= Galician alphabet =

Set of 23 Latin-script letters used to write the Galician language

The Galician alphabet is used for writing the Galician language. According to the modern and official standard, it has 23 letters and 6 digraphs. The extraneous letters j, k, w and y are sporadically found in foreign words, abbreviations and international symbols.

As in Portuguese and unlike in Spanish, Galician letter names are of masculine grammatical gender.
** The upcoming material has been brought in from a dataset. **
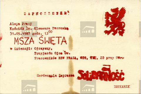 Zaproszenie / Aleja Pracy Kościół Św. Klemensa Dworzaka 31.05.1987 godz. 13:00 / Msza Święta w intencji: Ojczyzny, Przyjzadu Ojca Św., Pracowników RSW Prasa, WZG, WDN, ZG przy UWr / Serdecznie zaprasza Solidarność Drukarzy rysunek gryfa RSW Prasa - Robotnicza Spółdzielnia Wydawnicza "Prasa-Książka-Ruch" ("RSW Prasa" - nazwa potoczna)WZG - Wrocławskie Zakłady GraficzneWDN - Wrocławska Drukarnia NaukowaZG przy UWr - Zakłady Graficzne przy Uniwersytecie Wrocławskim

| Letter | Name | Pronunciation | Phonemic values |
|---|---|---|---|
| A a | a | /a/ | /a/ |
| B b | be | /be/ | /b/ |
| C c | ce | /θe/ | /θ/ (+ e, i; /s/ in seseo zones) /k/ (+ a, o, u) |
| D d | de | /de/ | /d/ |
| E e | e | /ɛ/ | /e/, /ɛ/ |
| F f | efe | /ˈɛfe̝/ | /f/ |
| G g | gue | /ɡe/ | /ɡ/ (/x/ in gheada zones) |
| H h | hache | /ˈat͡ʃe̝/ | /x/ |
| I i | i | /i/ | /i/, /j/ |
| L l | ele | /ˈɛle̝/ | /l/ |
| M m | eme | /ˈɛme̝/ | /m/ |
| N n | ene | /ˈɛne̝/ | /n/ |
| Ñ ñ | eñe | /ˈɛɲe̝/ | /ɲ/ |
| O o | o | /ɔ/ | /o/, /ɔ/ |
| P p | pe | /pe/ | /p/ |
| Q q | que | /ke/ | /k/ |
| R r | erre | /ˈɛre̝/ | /r/, /ɾ/ |
| S s | ese | /ˈɛse̝/ | /s/ |
| T t | te | /te/ | /t/ |
| U u | u | /u/ | /u/, /w/ |
| V v | uve | /ˈuβe̝/ | /b/, /β/, /v/ |
| X x | xe | /ʃe/ | /ʃ/, /ks/ |
| Z z | zeta | /ˈθeta̝/ | /θ/ (/s/ in seseo zones) |

| Digraph | Name | Phonemic values |
|---|---|---|
| ch | ce hache | /tʃ/ |
| gu | gue u | /g/ |
| ll | ele dobre | /ʎ/ |
| nh | ene hache | /ŋ/ |
| qu | que u | /k/ |
| rr | erre dobre | /r/ |

The Medieval Galician alphabet, still used today by advocates of reintegrationism, featured the additional letters j /ʃ/ and ç /θ/ (or /s/ in areas with sigmatism) as well as the digraphs lh /ʎ/, nh /ɲ/ and ss /s/.